Durante o voo, nem Pedro nem Susan pregam os olhos. O avião pousa no aeroporto Santos Dumont, no Rio de Janeiro. Abalados, os colegas não trocam muitas palavras, enquanto se dirigem para a saída e tomam um taxi.
Pedro se oferece para ir deixar sua colega em casa. Aqui no Brasil, Susan divide apartamento com uma prima sua, sobrinha de sua mãe. Sua prima, Safira, é evangélica desde criança. Quando chegam ao apartamento, encontram-no fechado. Susan pergunta a um vizinho que passa por ali se ele sabe de Safira. O rapaz diz que ela havia saído há algumas horas, transtornada, aos prantos, dizendo que tinha de ir à igreja.
Os dois resolvem ir ao templo da igreja que Safira freqüentava. No caminho, eles testemunham um cenário de caos total: lojas sendo saqueadas, pessoas chorando por entes desaparecidos, policiais tendo de usar a força para conter os mais exaltados, engarrafamentos provocados por acidentes envolvendo carros sem seus condutores (as mesmas notícias que eles tinham ouvido quando estavam em Nova Iorque). Por conta do trânsito que mal avançava, eles demoram a chegar ao templo.
Ao chegar lá, encontram, de fato, Safira, mas também um cenário estarrecedor: havia algumas horas, os crentes daquela igreja estavam em um dos cultos, restando agora roupas e pertences sobre os bancos, no chão, levando à dedução de que sumiram não levando nada. No templo também havia algumas pessoas chorando, se lamentando, indagando por que não haviam subido com os demais cristãos. Alguns de joelhos, chorando feito crianças sem consolo.
Safira, ao ver sua prima, começa a chorar, sobretudo envergonhada, pois naquele momento um flashback passa em sua mente: muitas vezes que ela falava para Susan voltar para a igreja, para ser fiel a Deus e à Sua Palavra. E agora, aquela crente que aconselhava tanto sua prima afastada do Evangelho, se encontrava ali.
Susan vai ao encontro da prima.
- Ah! Prima - lamenta Safira -, tanto que falei para você vir para igreja, e olhe onde estou... Aqui, chorando por ter ficado!
- Safira, não é hora de lamentar, porque sabemos o motivo de não termos ido com eles - consola Susan sua prima. Agora é hora de saber o que vamos fazer...
Susan quase é interrompida pelos gritos de um homem no altar:
- Por que, meu Deus?! Por quê?! Eu profetizava, expulsava demônios, falava em línguas estranhas, interpretava, tinha tantos dons, mas eu fiquei!

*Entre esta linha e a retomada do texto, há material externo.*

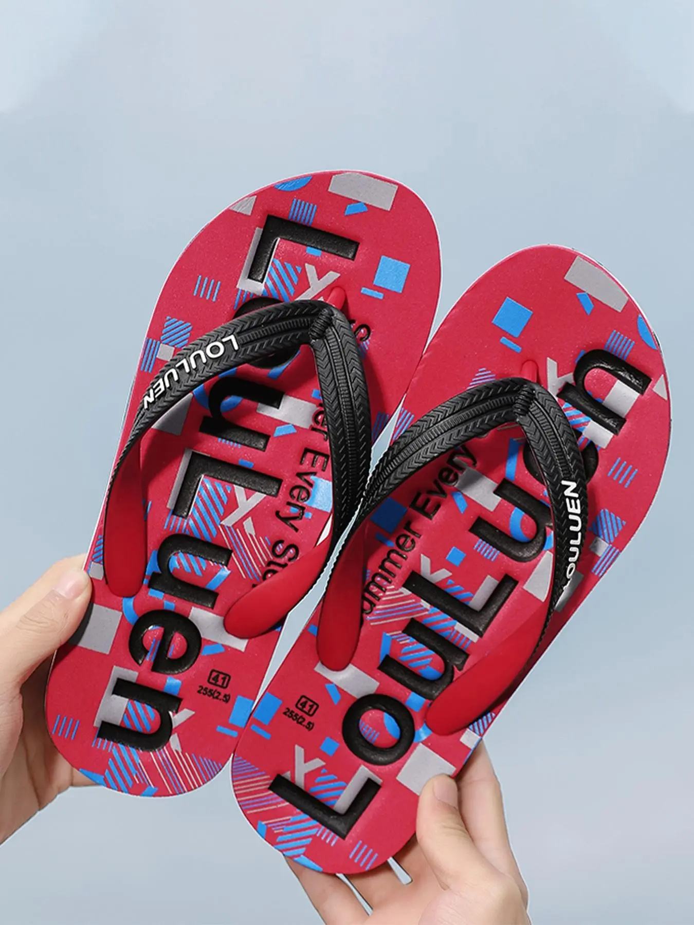 Men's Flip-Flops with Letter Print, Casual PVC Sandals, Comfortable Beach Shoes, Lightweight Slippers for Home, Bathroom, and Beach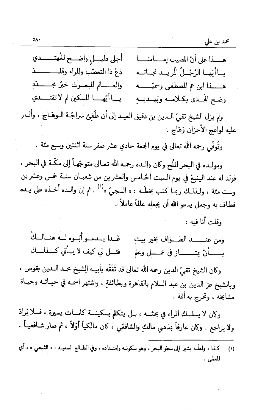 ولم يزل الشيخ تقي الدين بن دقيق العيد إلى أن طفئ سراجه الوهاج، وأثار عليه لواعج الأحزان وهاج.

Me diga por quê?!
Safira, reconhecendo o autor desse murmúrio, se dirige até o homem e o interpela:
- Irmão Jonas? É o irmão Jonas, não é?
Ele confirma que sim e ela continua:
- Eu o conheço! Você muitas vezes pregava aqui e víamos Deus agir poderosamente. O que houve, irmão? Por que você ficou?

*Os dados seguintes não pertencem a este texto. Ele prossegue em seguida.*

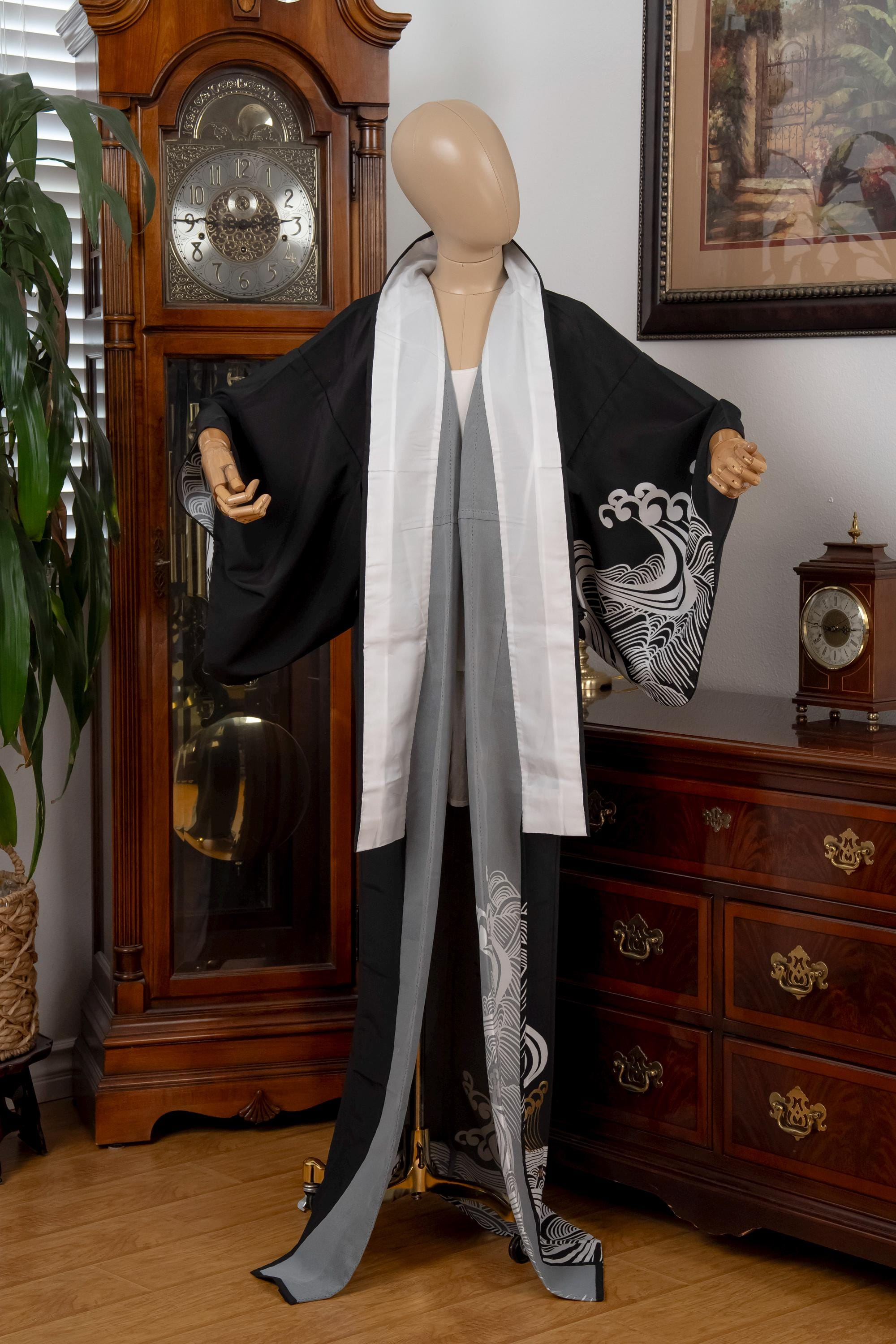Please keep in mind that female Kimonos are supposed to fit long. You will need to adjust the length to your size by tying with Kitsuke accessories and Obi belt.

- Ah! Irmã, realmente era muito usado, mas quando saía da igreja, só Deus e eu sabíamos o que eu aprontava - diz o homem com ar de pesar. Eu me prostituí muito. Muito do que falava na igreja era da carne, não tinha nada de Deus. Mas havia muitos irmãos usados por Deus que me repreendiam e falavam para eu me converter. Oh! Deus, por que fui tão insensato?!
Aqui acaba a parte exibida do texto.